Examples: BCFIM: method (Self* this) Set(Int n); ADGJK: fn [Me*].Set(Int n); AEHJL: fn ->Set(Int n);

Note: One of the options F, G, or L is needed to disambiguate calling by value vs. pointer.

Alternative: Following C++'s "Deducing this" proposal, we could also consider marking the first parameter with a keyword to indicate it is the receiver. That proposal uses this, as in:

fn Set(this Self* self, Int n);

(This alternative was suggested by @tkoeppe .)

tkoeppe commented 3 years ago

Re 3, 4: It might also be worth considering whether the receiver can be deduced, like in C++'s "Deducing this" proposal.

josh11b commented 3 years ago

Do you mean this proposal? I will look at it.

tkoeppe commented 3 years ago

Precisely. It's been pretty universally popular. It allows elegant mixins and CRTP, and recursive lambdas.

chandlerc commented 3 years ago

Precisely. It's been pretty universally popular. It allows elegant mixins and CRTP, and recursive lambdas.

I think this shows some utility to planning for an entire type, and not just part of a type.

But I hesitate to generalize too far here -- IMO a number of this proposals advantages are somewhat specific to solving problems created by C++, unsure Carbon will end up benefitting to the same degree.

Still, definitely a good thing to consider ahead of time rather than after-the-fact.

chandlerc commented 3 years ago

I would actually like to suggest a higher level concern I have with the method syntax.

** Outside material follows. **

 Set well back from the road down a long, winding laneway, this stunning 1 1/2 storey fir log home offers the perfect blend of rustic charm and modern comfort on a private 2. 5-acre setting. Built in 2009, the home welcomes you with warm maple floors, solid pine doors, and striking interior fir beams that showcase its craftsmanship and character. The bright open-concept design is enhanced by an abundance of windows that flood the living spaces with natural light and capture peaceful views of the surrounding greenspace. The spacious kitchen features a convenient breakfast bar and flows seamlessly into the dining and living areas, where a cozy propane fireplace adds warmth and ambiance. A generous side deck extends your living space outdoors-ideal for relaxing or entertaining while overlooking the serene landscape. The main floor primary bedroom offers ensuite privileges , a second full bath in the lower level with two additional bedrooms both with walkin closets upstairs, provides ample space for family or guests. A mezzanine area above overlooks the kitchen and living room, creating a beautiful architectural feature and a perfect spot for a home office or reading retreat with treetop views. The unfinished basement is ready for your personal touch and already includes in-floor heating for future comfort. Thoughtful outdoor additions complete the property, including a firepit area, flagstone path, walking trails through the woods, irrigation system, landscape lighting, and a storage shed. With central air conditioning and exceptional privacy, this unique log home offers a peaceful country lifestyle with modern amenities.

I would find all of these much more appealing if we could move the method name prior to the receiver. Specifically, I think we should strive to have an especially easily skimmable structure for APIs:

struct IntContainer {
  // Non-methods for building instances
  fn MakeFromInts ... -> IntContainer;
  fn MakeRepeating ... -> IntContainer;

  // Methods
  fn Size ... -> Int;
  fn First ... -> Int;

  fn Clear ...;
  fn Append ...;
}

Regardless of which keyword (although I suggest using fn for both), I really like the next thing being the name of the thing to ease scanning. Having to skip over a receiver (using any of the above syntaxes) for me really lessens the readability of the API.

What do others think?

If we want to consider that, what syntactic approaches should we consider? The syntax from "Deducing this" works this way, but I'm interested in whether there are other options. In particular, I continue to find that the receiver being in the "pattern match" part of the signature doesn't fit well, and I somewhat prefer it being written separately if possible. However, I wonder if my opinion on that would change if we wrote it as part of the implicit list? From the original example in the top comment:

fn Set[this Self* self](Int n);

Curious about thoughts on this approach as well.

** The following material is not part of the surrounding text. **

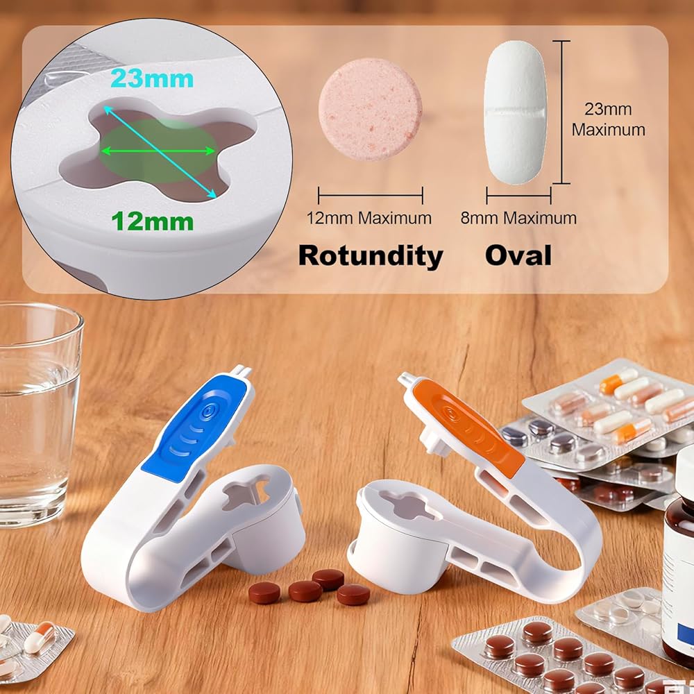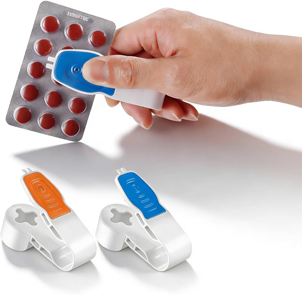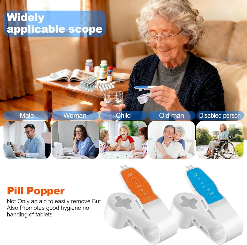 AK-SIHP This portable pill Popper makes managing your daily medication routine simpler and more convenient than ever before.The innovative 2-pack design uses an ergonomic pressing mechanism to effortlessly remove pills from blister packs without the need for traditional methods.Each pill Popper includes a dual-tooth feature that easily pierces the foil packaging, allowing you to press pills directly into the built-in storage compartment below.The clever design means you can dispense medication in one smooth motion and then access the tablets through the sliding compartment door.Perfect for those with limited hand strength, arthritis, or long nails, this handy tool takes the frustration out of wrestling with stubborn blister packs.The compact and lightweight construction makes it ideal for travel and easily fits in a pocket or medicine cabinet.Available in two vibrant colors, these Pill Poppers combine function with style.Whether you're at home or on the road, this practical accessory ensures you get your medication quickly and cleanly without pills flying over the counter or getting lost.

fowles commented 3 years ago

Chandler~

I really like fn Name as the invariant. Makes scanning much nicer.

Matt

On Fri, Apr 23, 2021 at 5:51 PM Chandler Carruth @.***> wrote:

I would actually like to suggest a higher level concern I have with the method syntax.

I would find all of these much more appealing if we could move the method name prior to the receiver. Specifically, I think we should strive to have an especially easily skimmable structure for APIs:

struct IntContainer { // Non-methods for building instances fn MakeFromInts ... -> IntContainer; fn MakeRepeating ... -> IntContainer;

// Methods fn Size ... -> Int; fn First ... -> Int;

fn Clear ...; fn Append ...; }

Regardless of which keyword (although I suggest using fn for both), I really like the next thing being the name of the thing to ease scanning. Having to skip over a receiver (using any of the above syntaxes) for me really lessens the readability of the API.

What do others think?

If we want to consider that, what syntactic approaches should we consider? The syntax from "Deducing this" works this way, but I'm interested in whether there are other options. In particular, I continue to find that the receiver being in the "pattern match" part of the signature doesn't fit well, and I somewhat prefer it being written separately if possible. However, I wonder if my opinion on that would change if we wrote it as part of the implicit list? From the original example in the top comment:

fn Set[this Self* self](Int n);

Curious about thoughts on this approach as well.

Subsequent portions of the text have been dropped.